What you need to do: Retype the entries exactly; omit all pictures.

Record extracts Block Start

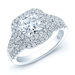 Prong Set Double Halo Cushion Cut Engagement Ring In 18 Karat White Gold
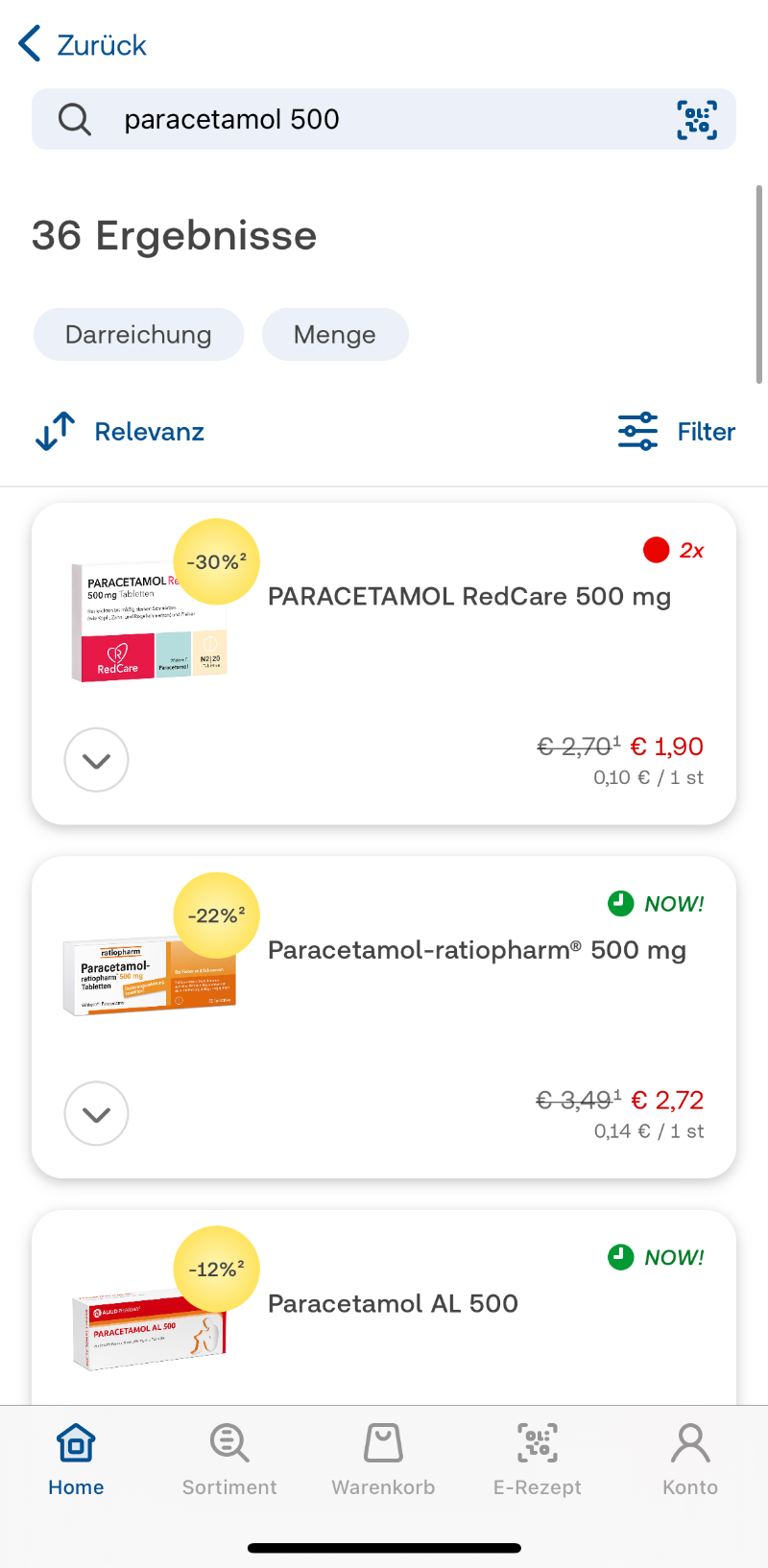 예를 들어 내가 이용하는 Shop Apotheke에서 위와 같이 찾을 수 있다.
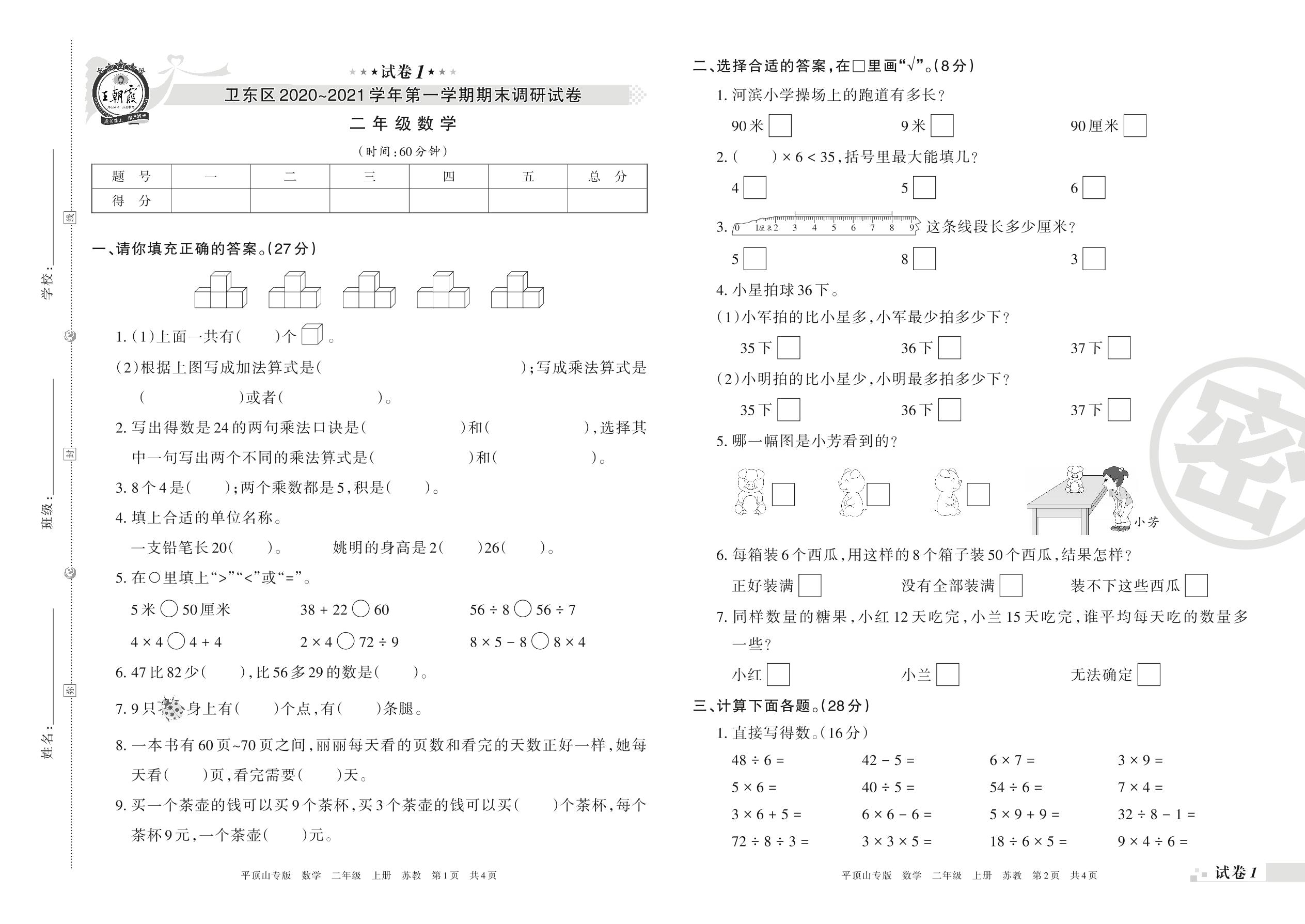 卫东区2020~2021学年第一学期期末调研试卷二年级数学(苏教版)【1】
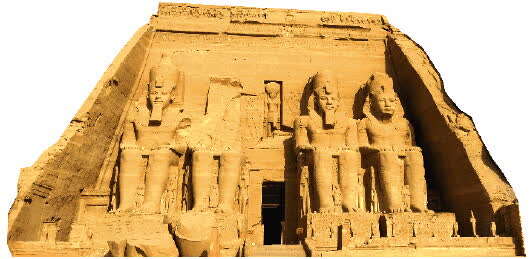 ◤ 拉美西斯二世神庙。1964年-1968年,为了免遭因建造阿斯旺水坝而上涨的尼罗河水淹没,在联合国教科文组织主持下,神庙被切割成块,分别编号,在离原址不远、地势较高的地方拼合还原。
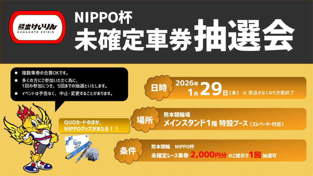 熊本市営熊本競輪「NIPPO杯」は、令和8年(2026年)1月27日(火)~29日(木)の3日間開催!

Record extracts Block End

Response to the task:
 Prong Set Double Halo Cushion Cut Engagement Ring In 18 Karat White Gold
 예를 들어 내가 이용하는 Shop Apotheke에서 위와 같이 찾을 수 있다.
 卫东区2020~2021学年第一学期期末调研试卷二年级数学(苏教版)【1】
 ◤ 拉美西斯二世神庙。1964年-1968年,为了免遭因建造阿斯旺水坝而上涨的尼罗河水淹没,在联合国教科文组织主持下,神庙被切割成块,分别编号,在离原址不远、地势较高的地方拼合还原。
 熊本市営熊本競輪「NIPPO杯」は、令和8年(2026年)1月27日(火)~29日(木)の3日間開催!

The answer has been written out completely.